Wednesday, July 30, 2008

International Fragile X Conference, Part Four

Saturday morning, we overslept a bit and missed the general session. I left first for the conference area. On my way to getting a cup of coffee, I saw Frank. He said he and Isabelle made it to the general session no problem. They were bright-eyed and bushy-tailed. (or something like that) I got my coffee and went to my first session of the day, Ten Great Tools to Help your Child with Fragile X Learn to Read and Write. Dr. Ave Lachiewicz and a mother of a child with Fragile X led the session. They recommended the use of a clipboard or a slantboard with a clip for wrist stability. And for keeping the paper in place. And since our kids are such sensory guys, they suggested placing a sheet of sandpaper or plastic craft canvas under the paper, so they'll get sensory imput from writing. Another item they liked was the vibrating pen. I spoke briefly with a therapist after the session and mentioned that Drew would have the vibrating pen in his mouth. She said that was ok, that they usually will get some stimulation from the pen, then are able to write better. For reading, a mother in the audience suggested old fashioned Dick and Jane books. They recommended the use of the DT trainer, which is based on the Discrete Trial protocol. Another website that was mentioned was It is a phonics program with visual supports.

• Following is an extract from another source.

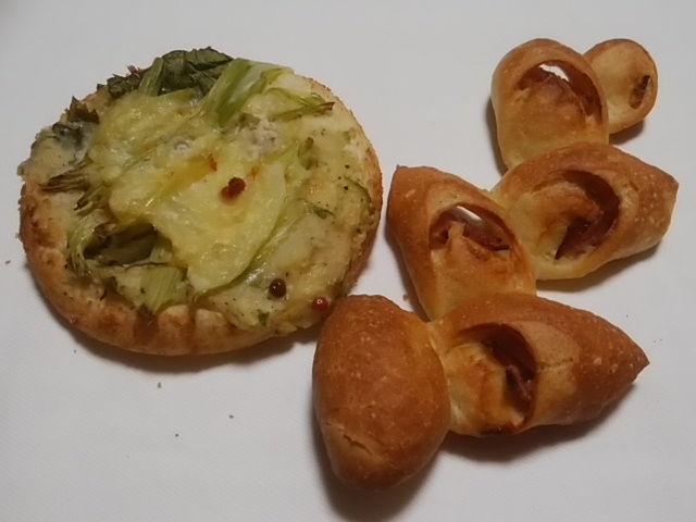 「セロリとゴルゴンゾーラのフォカッチャ」518円(税込)と「柚子胡椒のエピ」324円(税込)です。なかなかお高い…。

After that session I headed to Understanding, Assessing and Treating the Communication Challenges of Youth with FXS. I got there a bit late, so I sat in the back of the room. I honestly must have zoned out for this session, because I can barely remember the content.

Next I met up with Eric, and we went to Hard Rock Cafe for lunch. We saw quite a few people from the conference there. We ate and got back in time for what was my favorite session of the conference. Isabelle and I sat together, and Jeanine Coleman went over a study that concluded that mothers of kids with Fragile X are overly emotionally involved. We didn't think a study was necessary to tell us that, but whatever. Then, a woman named Cindi Rogers came up to the front. Her part of the session was called Life in Mrs. Rogers Neighborhood: Raising Two Boys With Fragile X Syndrome.

Cindi's sons are teenagers. (17 and 19, I believe) She has developed many practical techniques to help her sons become more independent.

Some things she has successfully used are:

A visual reward program. A sentence strip with the pictures: No hit, No kick, No yell= reward. She started using food as a motivator, but moved on to dollar bills. It has been quite successful for them.

Her sons have chores. She made a list of steps to feeding their dog for one of their sons. Another one had step by step visual instructions for taking out the trash. Each task ends with "All done".

She uses a calendar for where they are supposed to be each day. A picture of a bus means school, Fridays have a picture of Applebees. And any other activity can be filled in with a picture, such as a haircut or visiting friends.

A shower chart has helped her sons be in charge of their own hygeine. She has a picture of each body part and has them in one column on a velcro strip. When they finish washing that part, they move the picture to the "done" column. And the pictures are laminated and hang right in the shower!

I have already started on this idea Cindi had. She put all of their videos in a library, and made a binder with pictures of all the videos they have available. That way they don't get out 101 DVDs, but they can pick a certain number from the visual list, and swap them out as desired. My own boys love to flip through the DVD case to choose their own DVDs, but many have been broken this way. So, I have collected pictures of each DVD we have, and am going to print them and put them in a binder for the boys to have access to. They will be able to flip through the book and choose from the visual list!

She has them put their clothes for the following day in a box so it is all together, and they don't have to go looking for each thing. And they put it in the box in the order they will need to put them on. Underwear on top, then shirt, pants, socks, then shoes. Brilliant!

She had so many great ideas, I could go on and on. In fact, I believe I will. Later.


Umma said...

Wow, there are a lot of really great ideas here! Thanks so much for sharing!

Mark said...

sounds great! any pictures you may need for movies, and foods, i may already have and I can e-mail them.
That could help in long item searches. Let me know. Great to hear all about the conference.

Jen said...

I guess I can happily say that the boys already do well with the things that were mentioned, yay! Of course, we still have Evan that will be getting to those issues in the near future; I like that shower idea! A system for Kyle and his dvd's would be nice, although his issue with them is a little different. It's not that he looks through all to find one; he likes to carry a stack of about 15 dvd's with him as much as we'll's a security thing for him. For example, if he has to go upstairs to brush his teeth, the dvd's go with him! And then he brings that back downstairs when he's done. He sometimes will bring them in the van when we go somewhere if I'm not paying attention. Actually, he does fine if I tell him that they have to stay home; it's more of a habit than a need. So, maybe it all boils down to laziness on my part for not being more persistent about him leaving his dvd's in one spot!

Leanne said...

I was in that session(Mrs Rogers) and also enjoyed it. I was really reminded just how much our boys are visual learners! I'll be busy working on picture schedules and such in the coming weeks!